The mining giant, which produces more iron ore than any other Australian miner, has about 200,000 Australian shareholders. The dividend will be payable on Thursday, September 21.
Rio shares ended down 0.16% at $A65.88.
Net profit after tax rose 152% to $US3.9 billion in the six months to June, undershooting analyst forecasts around $US4.1 billion.
Revenues rose 24% to $US19.3 billion, while net debt fell $US2 billion to $US7.6 billion, leaving Rio with a gearing ratio of 13%. Underlying profit jumped 68% to $US9.04 billion for the half year
Rio’s big payout means its total 2017 dividend could be the largest in the company’s history.
This new policy ensures between 40% and 60% of underlying earnings are paid out as a dividend every six months.
Rio typically skews it payments to the second half of the year. If current commodity prices hold analysts believe the 2017 dividend could top the $US2.15 it paid out under the old policy in 2015.

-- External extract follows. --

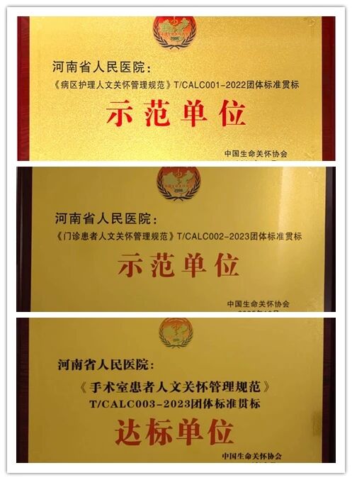 河南省人民医院荣获全国首批人文关怀贯标三项荣誉
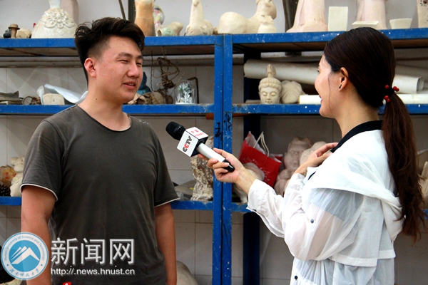6月20至21日,央视新闻记者一行来校采访了我院15级硕士研究生赖庆林。他们参观了赖庆林个人艺术作品展,欣赏了赖庆林部分优秀作品,跟随赖庆林一起见证了其研究生学位授予仪式,并进行了深入访谈。

The only obstacle is that the second half of last year saw a sharp rise in commodity prices, especially iron ore and coal which will make the second half comparison less spectacular and the profit gain smaller.
And there could be more money for shareholders when the company completes the $US2.7 billion sale of its Australian thermal coal assets to China’s Yancoal Australia (which yesterday revealed a $US2.5 billion fund raising) later this year.
Rio said it iron ore business had delivered 80% of the group’s underlying earnings in the six months to June. The miner produced almost 130 million tonnes of ore during that period and received an average price of $US67.80, up 26% on a year ago. They were around $US73 a tonne yesterday.